2), с протяженностью более длины волны излучения λ и минимальной шириной порядка λ/3 [V. N. Astratov, A. Darafsheh, M. D. Kerr, K. W. Allen, N. M. Fried, A. N. Antoszyk, and H. S. Ying, Photonic nanojets for laser surgery // SPIE Newsroom 12, 32-34 (2010); Minin I. V., Minin O. V. Diffractive optics and nanophotonics: Resolution below the diffraction limit. – Springer, 2016 [Электронный ресурс]. – Режим доступа: http://www.springer.com/us/book/9783319242514#aboutBook ; Boris S. Luk’yanchuk, Ramón Paniagua-Domínguez, Igor Minin, Oleg Minin, and Zengbo Wang. Refractive index less than two: photonic nanojets yesterday, today and tomorrow // Optical Materials Express Vol. 7, Issue 6, pp. 1820-1847 (2017) https://doi.org/10.1364/OME.7.001820 ; Alexander Heifetz, Soon-Cheol Kong, Alan V. Sahakian, Allen Taflove and Vadim Backman. Photonic Nanojets // Journal of Computational and Theoretical Nanoscience Vol. 6, 1979–1992, 2009].Photonic jets are a narrow focusing region formed on the shadow boundary of a dielectric particle with a different surface shape (spherical, elliptical, cuboid, conical, pyramidal, etc.), with relatively small relative refractive indices ( N

2), with a length greater than the radiation wavelength λ and a minimum width of the order of λ /3 [VN Astratov, A. Darafsheh, MD Kerr, KW Allen, NM Fried, AN Antoszyk, and HS Ying, Photonic nanojets for laser surgery // SPIE Newsroom 12, 32-34 (2010); Minin IV, Minin OV Diffractive optics and nanophotonics: Resolution below the diffraction limit. – Springer, 2016 [Electronic resource]. – Access Mode: http://www.springer.com/us/book/9783319242514#aboutBook ; Boris S. Luk'yanchuk, Ramón Paniagua-Domínguez, Igor Minin, Oleg Minin, and Zengbo Wang. Refractive index less than two: photonic nanojets yesterday, today and tomorrow // Optical Materials Express Vol. 7, Issue 6, pp. 1820-1847(2017) https://doi.org/10.1364/OME.7.001820; Alexander Heifetz, Soon-Cheol Kong, Alan V. Sahakian, Allen Taflove and Vadim Backman. Photonic Nanojets // Journal of Computational and Theoretical Nanoscience Vol. 6, 1979–1992, 2009].

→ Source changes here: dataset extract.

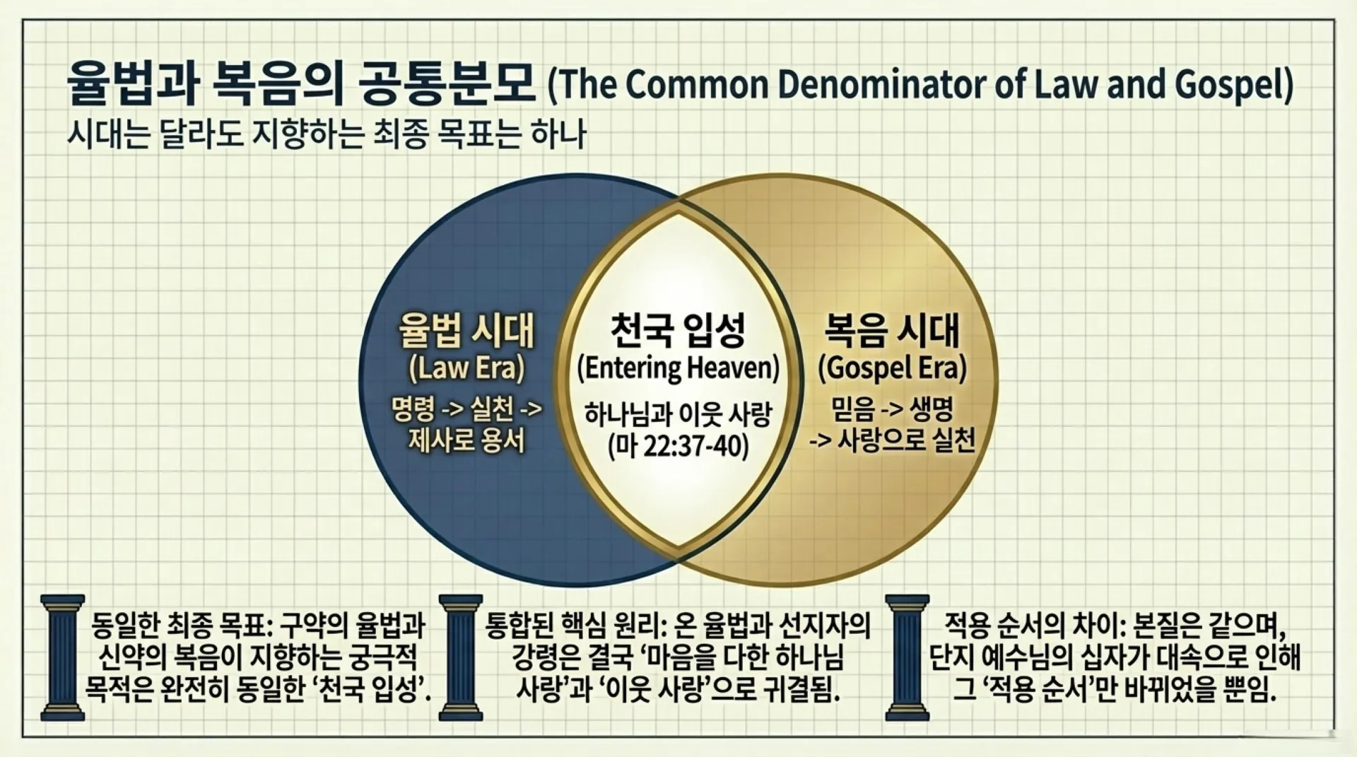 그렇다면 구약의 성도들에게 주어졌던 율법과 신약의 우리에게 주어진 복음은 궁극적으로 무엇을 지향하고 있는가? 놀랍게도 그 둘의 공통분모이자 최종 목표는 완전히 똑같다. 그것은 바로 '천국 입성'이며(마 8:11), 천국에 들어가기 위한 핵심 원리인 '하나님 사랑과 이웃 사랑'이다(마 22:37-40). 이것을 예수께서는 하나로 통합하였다. "내가 너희를 사랑한 것 같이 너희도 서로 사랑하여라"고 하셨기 때문이다.

As a dielectric particle that forms a photonic jet in a device that implements the known method, a SiO ₂ microsphere with a diameter D of about 2 μm ( D/λ ~ 4) was used, which was illuminated by laser radiation with a wavelength λ = 0.532 μm. The formed photon jet had a width of about λ /3. A spherical microparticle thus plays the role of a refractive spherical microlens that focuses light radiation within a subwavelength volume.

The disadvantage of this method is its complexity and the large size of the focused spot of electromagnetic radiation (about λ /3), which determines the size of the formed quantum dot.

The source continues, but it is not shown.